Na maioria das vezes, as motocicletas Suzuki envelhecem muito bem. Isso se deve ao seu design relativamente conservador, confiabilidade à prova de balas e foco no desempenho no mundo real. Excelentes exemplos incluem o lendário TL1000S, o GSX-R1000 K5 ou o ainda à venda GSX-R750, SV750 ou V-Strom 650. No entanto, há um Suzuki bicicleta esportiva que se destaca por envelhecer melhor do que se esperava. Não, não pertence à linha GSX-R.
Por que a maioria dos Suzukis envelhece bem
As motocicletas Suzuki tendem a envelhecer muito bem, e isso graças à sua filosofia de engenharia “se não está quebrado, não conserte”. As bicicletas Suzuki normalmente apresentam componentes internos do motor superconstruídos e tecnologia comprovada que lhes confere confiabilidade à prova de balas.

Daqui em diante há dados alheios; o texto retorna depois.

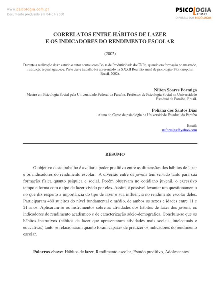 No de hoje que se tm buscado solues para explicar o xito escolar em jovens a partir da elaborao de mtodos, das teorias pedaggicas ou psicolgicas; porm, o objetivo parece ser um s: formar e capacitar o aluno para alcanar um nvel scio-cultural mais qualificado, bem como, orienta-lo na soluo de problemas formais ou informais apresentados em seu cotidiano. Apesar desse objetivo to claro, acompanha-se a cada dia no desenvolvimento scio-educacional desses jovens da educao bsica a superior o descaso e um certo aborrecimento que alguns tm a respeito da formao e assimilao do conhecimento e at do alfabetismo intelectual e cientfico. Parece ento, que tais causas so mais complexas do que se pensa, pois no se deve apenas a dimenso individual, mas social e psicossocial, as quais so capazes de influenciar na predio do fenmeno do xito e qualidade do comportamento escolar (Formiga, Gouveia, Andrade & Omar, 2002; Omar, Delgado & Formiga, 2002). Para isso, algumas direes concretas vm sendo indicadas: a forma e qualificao do processo avaliao (Andr, 1997; Perrenoud, 1999), a valorizao da criatividade frente velocidade e diversidade das informaes surgidas na sociedade atual (Gardner, 1999), a predio de indicadores do rendimento escolar a partir dos valores humanos (Formiga, Queiroga & Gouveia, 2001), bem como, a interveno nos valores para mudana de comportamento social e educacional (Prez-Serrano, 2002; Ros, Grad & Martinez-Snchez, 1996), entre outros. Assim, muitas so as especulaes em torno da descoberta do que est por traz da dificuldade de instruir-se e entre estas, possvel hipotetizar aspectos sociais como um dos seus maiores determinantes (Chaves, 1992), por outro lado, parece ser muito saliente e consistente a nfase numa perspectiva psicossocial (Ovejero, 1998), a qual vem direcionando, frente a tal problema, perspectivas multidimensionais. Contudo, um dos construtos que nenhum estudo emprico tem se encontrado no Brasil, quanto a influncia dos hbitos de lazer no xito escolar, o qual possa considerar alguns indicadores mais conhecidos e de fcil observao em relao ao rendimento escolar. Teoricamente, alguns estudos tem sido conhecido sobre as atividades de lazer no Brasil (ver Marcelino, 2000a; 2000b; Leite, 1995; Dumazier, 1974/1999; Werneck, 2000), mas, em busca recente com as seguintes combinaes de palavras-chave: Rendimento escolar e lazer ou adolescentes, lazer e xito acadmico ou diverso, rendimento escolar, indicador do rendimento escolar, lazer e adolescentes (Index Psi, 2003; Scielo, 2003), no foi encontrado trabalhos neste aspecto. Com isso, viu-se a necessidade de avaliar relao as variveis em questo: rendimento escolar e hbitos de lazer.

E a empresa não busca atualizações de design rápidas ou experimentais, então seus designs tendem a ter um apelo atemporal, enquanto seus concorrentes começam a mostrar sua idade em alguns anos. São essas coisas que fazem as motocicletas Suzuki envelhecerem melhor do que a maioria das outras motocicletas no mercado, e vários exemplos comprovam isso.
Existem várias bicicletas Suzuki que resistiram ao teste do tempo
Veja a lendária superbike Suzuki GSX-R1000 K5 2005. Apresentando um motor de quatro cilindros em linha de 999 cc de longo curso que produzia 175 cavalos de potência e pesava apenas 365 libras a seco, a K5 era a melhor superbike que você poderia comprar naquela época e, até hoje, continua sendo uma escolha popular para quem procura uma experiência de superbike analógica. Da mesma forma, houve o Suzuki TL1000S de 1991, apresentando um motor V-twin de 125 cavalos e um amortecedor rotativo exclusivo. Este último lhe rendeu o título de Widowmakermas os compradores ainda os escolhem pela experiência de pilotagem fácil e com torque que oferecem.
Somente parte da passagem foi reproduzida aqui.